Governors of Plantations Act 1698
- Parliament of England
- Long title: An Act to punish Governors of Plantations in this Kingdom for crimes by them committed in the Plantations
- Citation: 11 Will. 3 c. 12; 11 & 12 Will. 3. c. 12;
- Territorial extent: England and Wales

Dates
- Royal assent: 11 April 1700
- Commencement: 1 August 1700
- Repealed: 8 November 1995

Other legislation
- Amended by: Criminal Justice Act 1948;
- Repealed by: Statute Law (Repeals) Act 1995

Status: Repealed

Text of statute as originally enacted

= Governors of Plantations Act 1698 =

Act of the Parliament of England

The Governors of Plantations Act 1698 (11 Will. 3. c. 12) formally titled "An Act to punish Governors of Plantations in this Kingdom for crimes by them committed in the Plantations" was an act of the Parliament of England passed during the reign of William III of England.

It is the earliest English or British legislation by which Crown servants, including diplomats and governors, could be punished under English law for offences committed abroad.
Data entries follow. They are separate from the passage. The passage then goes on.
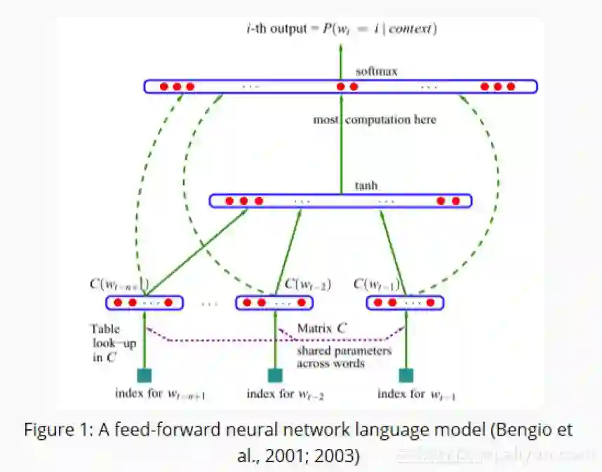 语言建模是在给定前面的单词的情况下预测文本中的下一个单词的任务。 它可能是最简单的语言处理任务,具有实际应用,如智能键盘和电子邮件响应建议(Kannan et al.,2016)。语言建模有着丰富的历史。基于n-gram的经典方法采用平滑处理看不见的n-gram(Kneser&Ney,1995)。Bengio等人于2001年提出了第一种神经语言模型,一种前馈神经网络,如下图1所示。
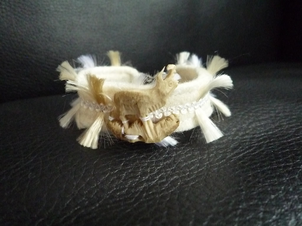 Armband in wollweiß mit Beinhirsch
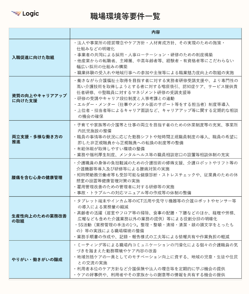 介護職員等特定処遇改善加算の要件は以下の通りです。
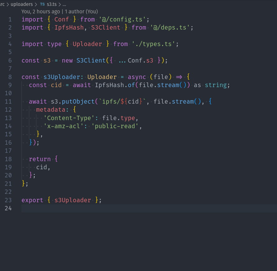 Ditto IPFS uploader and S3 uploader. I caved and decided to support both. The IPFS uploader uploads to a locally installed IPFS instance. The S3 uploader uploads to S3, DigitalOcean, etc. But even the S3 option has partial support for IPFS. In both cases media IDs are IPFS CIDs, and the media is made available at `/ipfs/
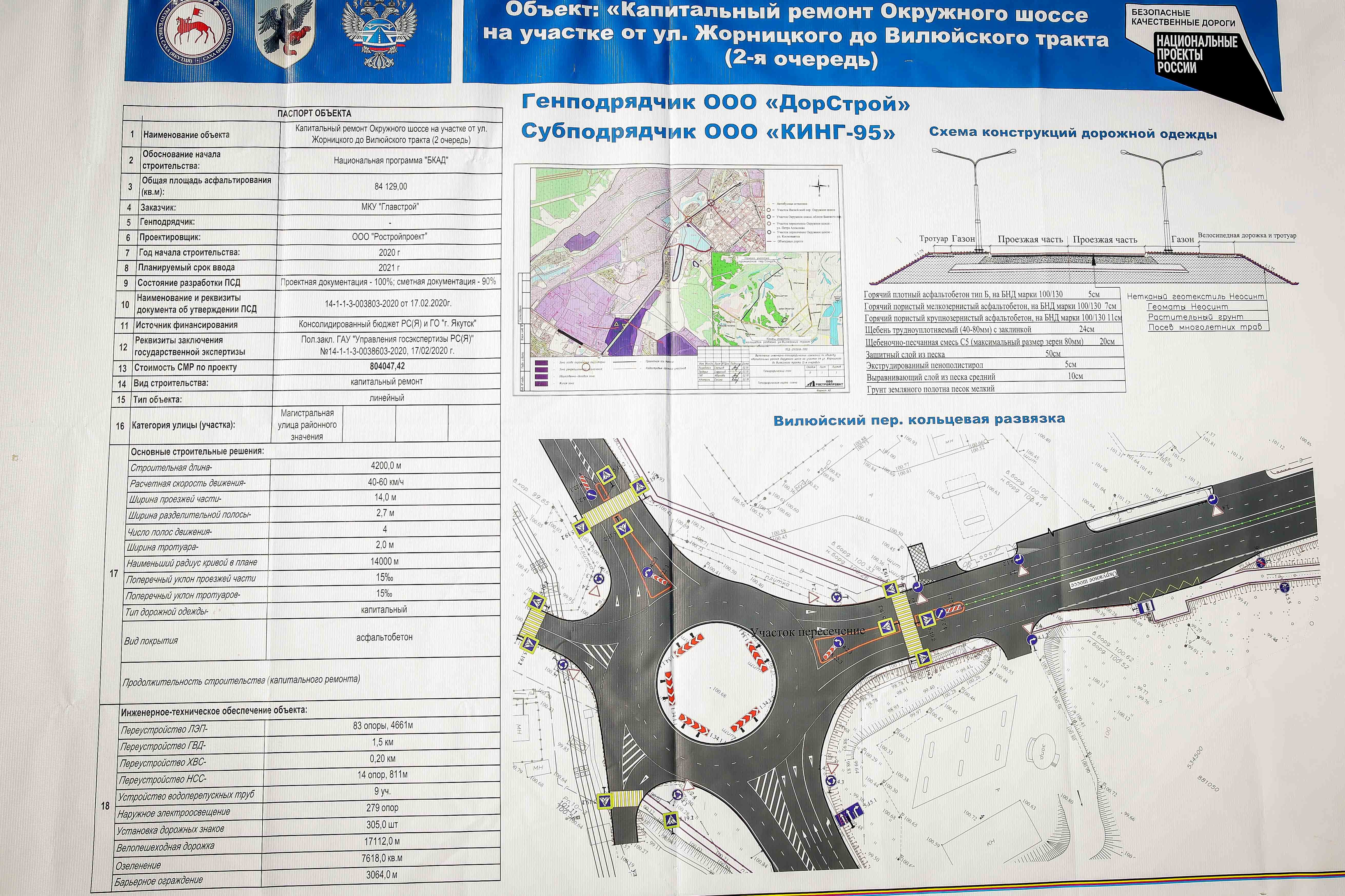 Объект стоимостью более 832 миллионов рублей реализуется в рамках национального проекта «Безопасные и качественные автомобильные дороги». Протяженность реконструируемого участка составляет 4 км 200 метров. В ходе объезда было сказано, что в рамках капремонта в 2020 году проведены работы по уширению земляного полотна, дорожной одежды в соответствии с проектно-сметной документацией протяженностью 2,9 км. За прошлый год освоенная сумма составила более 215 миллионов рублей. Также было отмечено, что будет расширяться Вилюйское кольцо на Вилюйском тракте. Соответствующие работы уже начались.
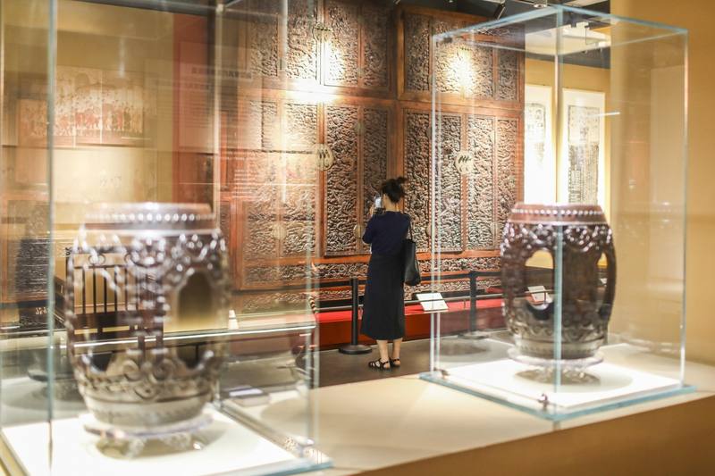 2023年6月29日,金隅龙顺成文化创意园区,嘉宾参观龙顺成非遗博物馆。 新京报记者 浦峰 摄
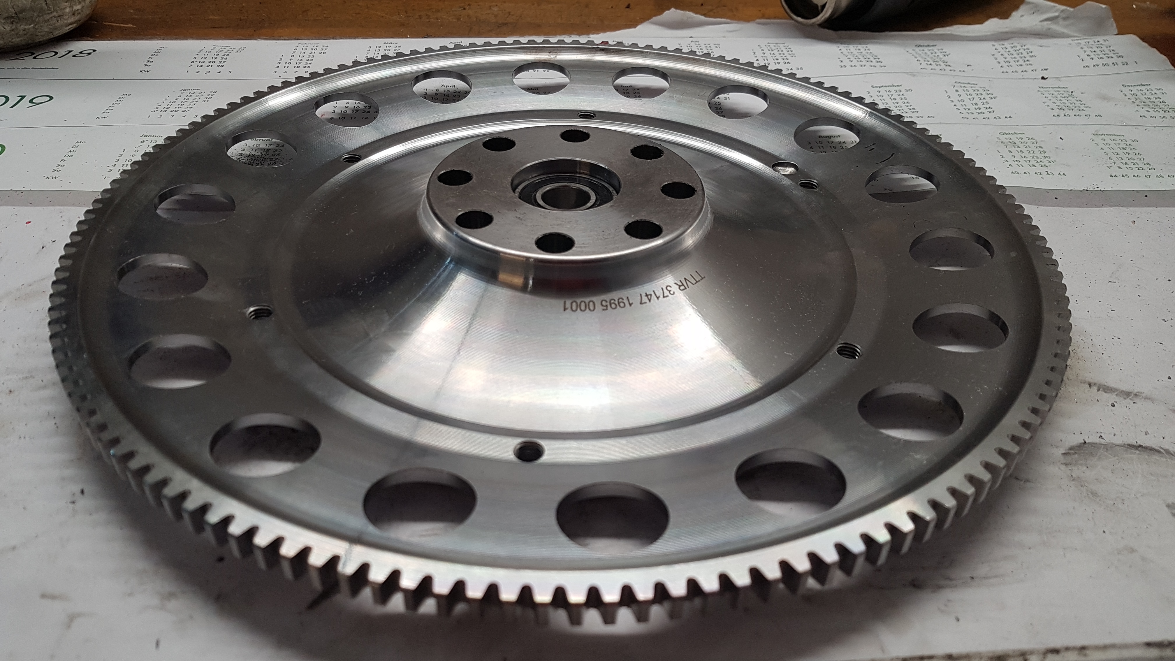 darüber hinaus hat eine neue Schwungscheibe Einzug gehalten. Ich bin ein absoluter Freund davon alles irgendwie selbst zu bauen und soweit es geht Großserienteile zu verwenden. Hier haben wir die Schwungscheibe ansich aus einem hochfesten Cromo Stahl gedreht. Das war echt ne halbe Katastrophe, weil das Zeug so zäh war.
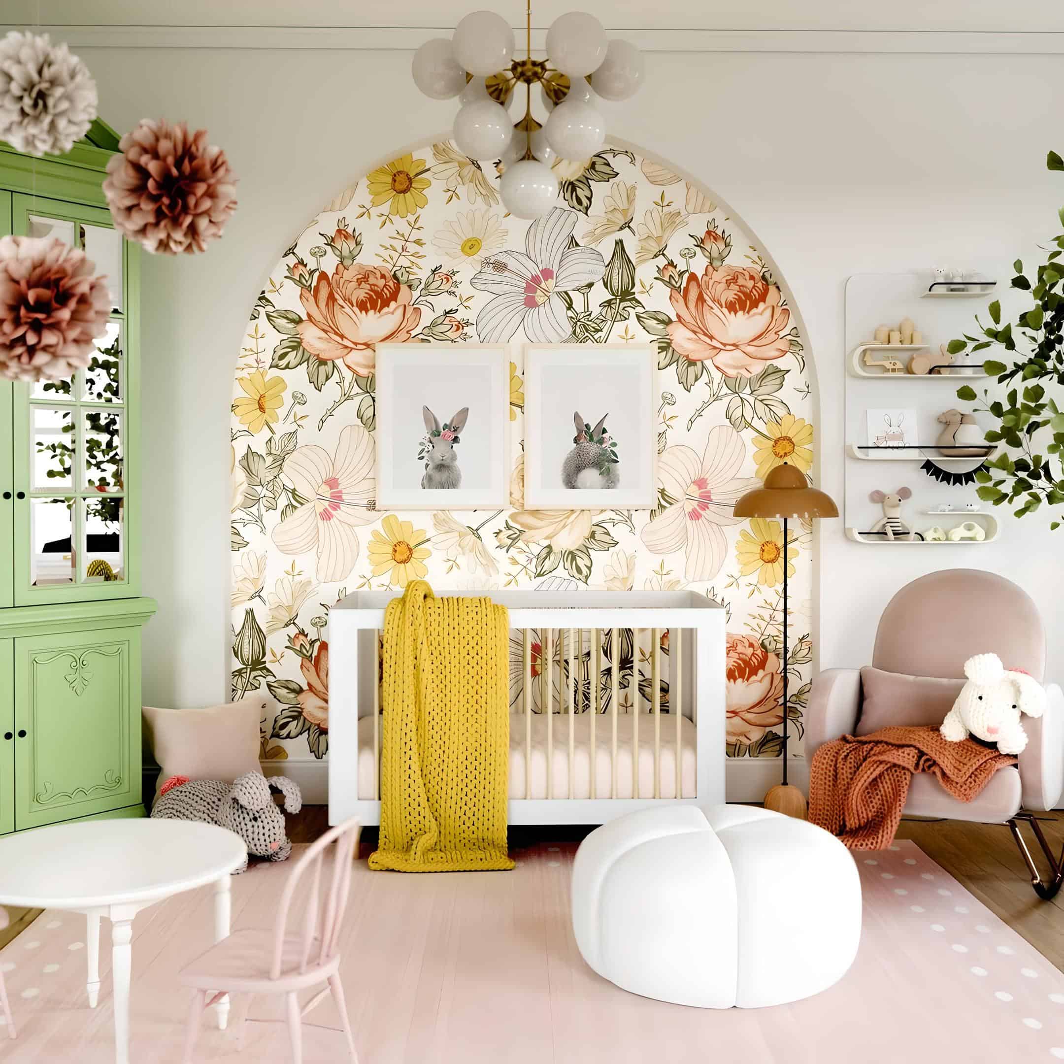 In this eclectic nursery, a vibrant palette of colors awaits to captivate your baby’s senses. The stunning floral pattern mural finds its perfect placement within the arched wall, infusing the space with botanical charm. Above the crib, a rabbit canvas art set enhances the springtime atmosphere of the nursery. The armoire in a lively green hue harmonizes beautifully with the greenery depicted in the mural. A pink modern rocker and rug complement the pink flowers in the mural, adding to the cohesive design. Completing the eclectic vibe, midcentury lighting fixtures illuminate the nursery with timeless elegance.
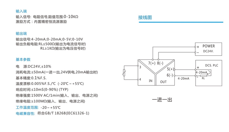 電阻信號(hào)隔離器、變送器輸出范圍:0-20mA、4-20mA、0-5V、0-10V、1-5V等用戶(hù)需要的標(biāo)準(zhǔn)信號(hào)

A notable prosecution under the act was in the case of R v Wall in which Joseph Wall, the former governor of Gorée, was hanged for causing the death of a soldier following an illegal flogging 20 years previously.

== Subsequent developments ==
The whole act was repealed by section 1 of, and part II of schedule 1 to, the Statute Law (Repeals) Act 1995, which came into force on 8 November 1995.